Вначале я не поверил – настолько это показалось неожиданным. Странные знаки, идущие по окружности, не похожие ни на латынь, ни на греческий. Дэргские письмена! Необычный амулет для молодой крестьянки! Но тут же вспомнилось – каменная пластинка из дома вдовы де Пио. «Грехи дэргов»! Вдова говорила, что служила у д’Эконсбефа. Но ведь и Жанна…
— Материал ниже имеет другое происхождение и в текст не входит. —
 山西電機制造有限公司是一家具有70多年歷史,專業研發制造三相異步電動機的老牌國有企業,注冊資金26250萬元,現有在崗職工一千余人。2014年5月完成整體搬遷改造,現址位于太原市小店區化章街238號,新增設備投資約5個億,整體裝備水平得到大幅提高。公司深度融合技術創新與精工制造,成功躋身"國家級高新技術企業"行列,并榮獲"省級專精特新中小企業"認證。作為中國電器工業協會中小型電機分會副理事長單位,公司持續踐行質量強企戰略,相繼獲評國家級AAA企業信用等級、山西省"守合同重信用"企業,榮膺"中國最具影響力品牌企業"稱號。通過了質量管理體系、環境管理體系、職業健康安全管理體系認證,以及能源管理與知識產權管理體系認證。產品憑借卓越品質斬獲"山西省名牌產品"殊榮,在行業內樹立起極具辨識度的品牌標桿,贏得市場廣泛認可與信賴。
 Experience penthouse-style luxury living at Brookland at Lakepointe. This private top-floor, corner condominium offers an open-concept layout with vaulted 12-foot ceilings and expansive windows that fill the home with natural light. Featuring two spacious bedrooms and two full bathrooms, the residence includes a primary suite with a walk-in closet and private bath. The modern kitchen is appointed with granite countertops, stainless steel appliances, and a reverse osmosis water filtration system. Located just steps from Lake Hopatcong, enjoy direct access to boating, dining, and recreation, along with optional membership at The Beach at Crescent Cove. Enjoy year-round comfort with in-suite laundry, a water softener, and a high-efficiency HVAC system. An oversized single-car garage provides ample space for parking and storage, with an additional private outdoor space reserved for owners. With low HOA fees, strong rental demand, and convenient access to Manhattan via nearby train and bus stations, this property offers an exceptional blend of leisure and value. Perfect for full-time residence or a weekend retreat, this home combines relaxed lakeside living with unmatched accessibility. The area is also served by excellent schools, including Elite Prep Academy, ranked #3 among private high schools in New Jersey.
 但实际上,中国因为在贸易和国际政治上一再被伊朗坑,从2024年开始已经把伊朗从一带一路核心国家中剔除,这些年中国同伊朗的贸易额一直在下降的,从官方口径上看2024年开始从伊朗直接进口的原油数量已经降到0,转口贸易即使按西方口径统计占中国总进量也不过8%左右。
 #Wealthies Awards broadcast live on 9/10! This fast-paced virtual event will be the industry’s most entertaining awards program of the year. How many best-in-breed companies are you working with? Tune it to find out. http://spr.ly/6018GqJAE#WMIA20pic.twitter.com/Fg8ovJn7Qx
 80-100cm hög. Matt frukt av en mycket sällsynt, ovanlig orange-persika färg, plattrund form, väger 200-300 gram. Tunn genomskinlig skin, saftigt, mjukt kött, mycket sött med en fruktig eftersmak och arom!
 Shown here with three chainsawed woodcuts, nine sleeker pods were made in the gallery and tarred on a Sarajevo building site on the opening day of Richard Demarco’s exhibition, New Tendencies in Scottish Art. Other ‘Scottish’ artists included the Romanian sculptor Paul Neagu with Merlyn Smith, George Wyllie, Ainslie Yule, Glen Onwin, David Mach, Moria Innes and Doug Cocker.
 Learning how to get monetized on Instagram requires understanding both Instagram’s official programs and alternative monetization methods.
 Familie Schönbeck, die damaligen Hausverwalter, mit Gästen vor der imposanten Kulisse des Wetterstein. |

Я взял амулет с собою, решив еще раз сравнить знаки с теми, которые перерисовал брат Умберто. Диск лежал на дне шкатулки, очевидно, им давно не интересовались. Что ж, и это можно понять – амулет принадлежал настоящей Жанне, а самозванке был не нужен и неинтересен – обычная бронзовая безделушка, о значении которой она могла просто не знать.
На улице уже было темно, и я пробирался во двор, стараясь не шуметь. Братья должны уже были приготовить ужин, иначе я устрою им всенощное чтение «Светильника»! Внезапно я услыхал негромкие голоса. Говорили на «ланго си», и вначале я просто слушал, как звонкий голос Анжелы, дочери Тино-жонглера, сменяется негромким, глуховатым голосом смиренного брата Ансельма. На душе сразу же стало скверно. Не люблю подслушивать, но не поворачивать же назад на темную улицу! Эх, брат Ансельм!..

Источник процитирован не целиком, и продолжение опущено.